Recognition that inherited models of Jesus do not adequately
account for an essential portion of the primary data base is the engine that
started and continues to drive the historical quest. The shift of scholars
from one controlling paradigm to another --- from the classic Hellenistic
divine wonder-worker to Reimarus’ politically motivated Jewish messiah to
Schweitzer’s apocalyptic visionary to Bornkamm’s prophetic rabbi to an
iconoclastic itinerant Galilean sage (Theissen, Crossan, et al) --- is
due less to current cultural preferences than to a continuing conviction that Jesus
can be correctly understood only on his own terms. Although it is easy to demonstrate
that people unwittingly project their own shadows on Jesus --- or anyone else
for that matter ---, Schweitzer’s celebrated claim that "each epoch
found its reflection in Jesus; each individual created Him in accordance with
his own character" should be seen for what it is: a poetic exaggeration
that is more rhetoric than fact. /16/ Any
description of anything inevitably reflects the viewpoint and values of the
author rather than the subject. I describe things as I see them. But what
I see is not limited to my own reflection. Rather, I describe whatever draws
my attention: phenomena that both attract and repel, inspire and perplex.
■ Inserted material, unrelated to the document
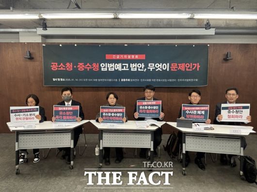 [더팩트ㅣ이라진 기자] 시민사회단체가 국무총리실 산하 검찰개혁추진단이 지난 12일 입법예고한 중대범죄수사청(중수청)과 공소청 설치 법안 철회를 촉구하며 국회가 법안을 대폭 수정해야 한다고 주장했다.
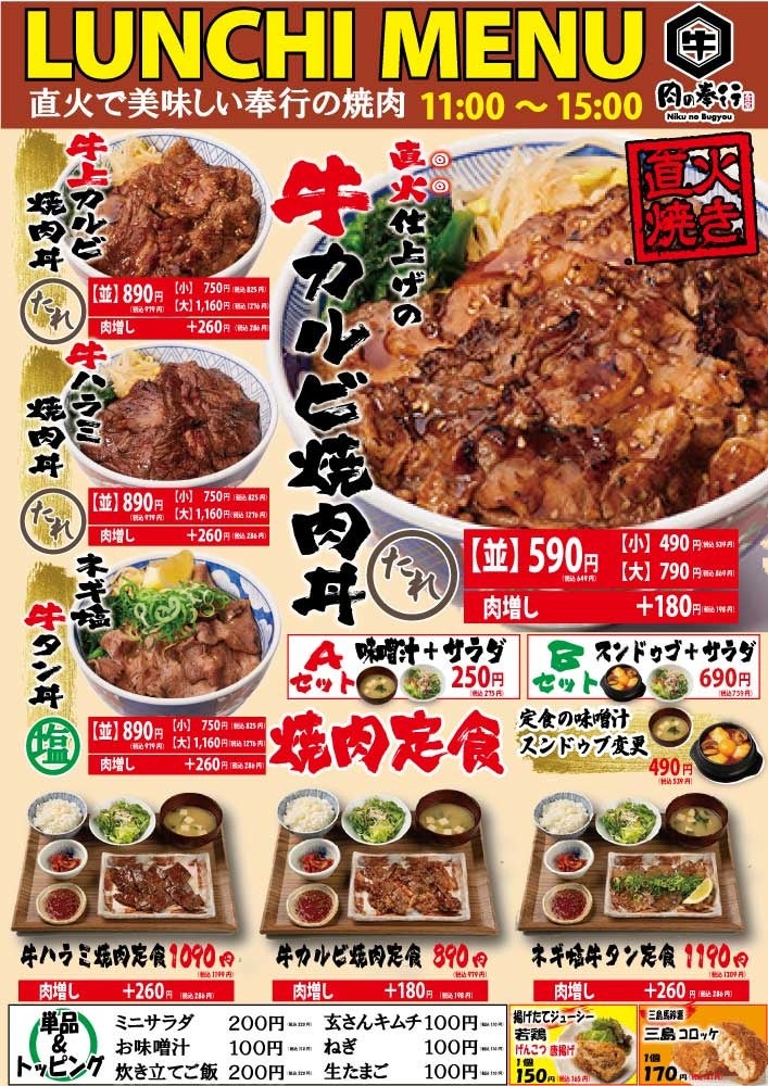 また、オープン記念として、「直火仕上げの牛カルビ焼肉丼 並」通常590円(税込649円)を8月8日(木)~8月14日(水)の7日間限定でオープン特別価格500円(税込550円)でご提供させて頂きます。

Schweitzer himself is evidence that distortions of Jesus’ image are more
often due to latent hero worship than to historical research that
distinguishes Jesus’ perspective from one’s own. /17/ Reimarus’
principle is still the first commandment of scholars dedicated to the
historical quest: It is not to be assumed that Jesus
intended or strove for anything in his teaching other than what may be
taken from his own words./18/
The past two
centuries of debate have simply tightened the controls for pinpointing the
patterns of speech and action that reflect Jesus’ viewpoint rather than
those of others. Since it is always easier to recognize someone else’s
fictions than one’s own, our first task is to test whether the traditional
paradigms are adequate for understanding Jesus on his own terms. (2) Models.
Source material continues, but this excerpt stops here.